- _Data shown_
________________________

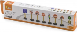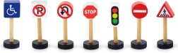 Sada sedmi dřevěných dopravních značek poskytuje dětem základní znalosti o pravidlech na silničním provozu.
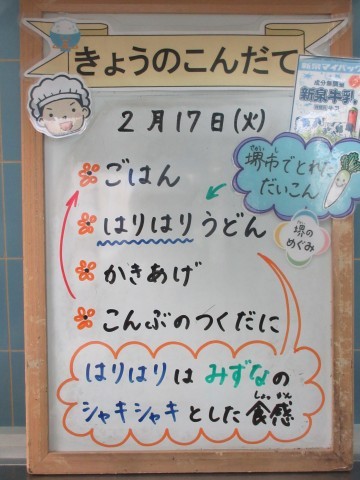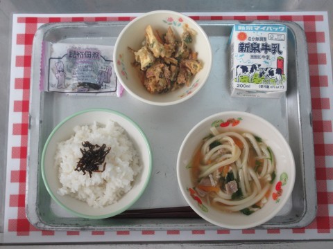 今日の給食では、豚肉・うどんを使って「はりはりうどん」としています。
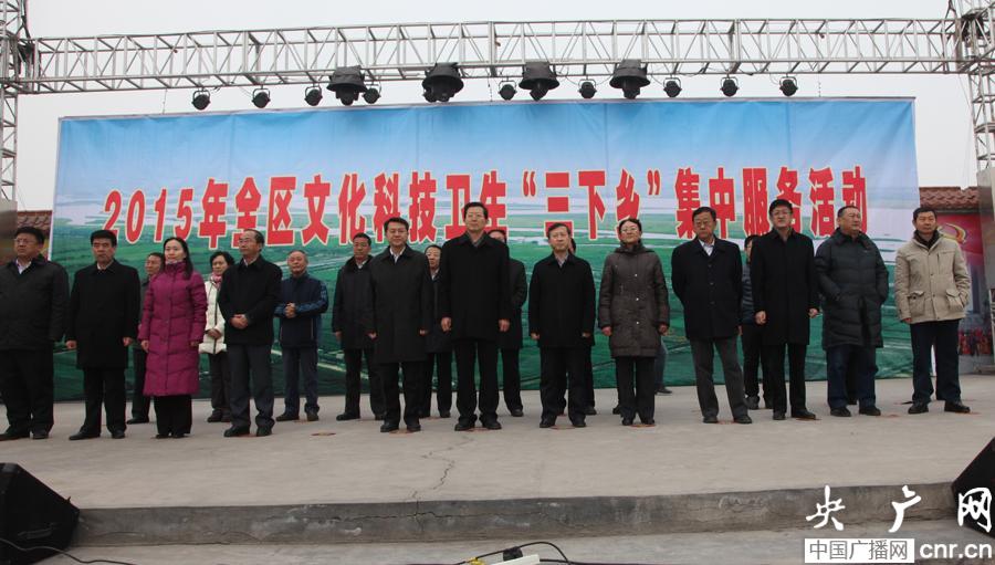 央廣網(wǎng)銀川2月3日消息 (記者許新霞、胡鈺)今天上午,2015年寧夏文化科技衛(wèi)生“三下鄉(xiāng)”集中服務(wù)活動在寧夏回族自治區(qū)石嘴山市平羅縣黃渠橋鎮(zhèn)啟動。寧夏回族自治區(qū)黨委常委、宣傳部長蔡國英及自治區(qū)人大、政府、政協(xié)、各廳局有關(guān)負責(zé)人參加了該活動。

________________________

- _Problem to solve_
What you give back should be exactly the lines from the top of the data above down to and including the line with "今日の給食では、豚肉・うどんを使って「はりはりうどん」としています。", minus any pictures.

- _Problem solution_
 Sada sedmi dřevěných dopravních značek poskytuje dětem základní znalosti o pravidlech na silničním provozu.
 今日の給食では、豚肉・うどんを使って「はりはりうどん」としています。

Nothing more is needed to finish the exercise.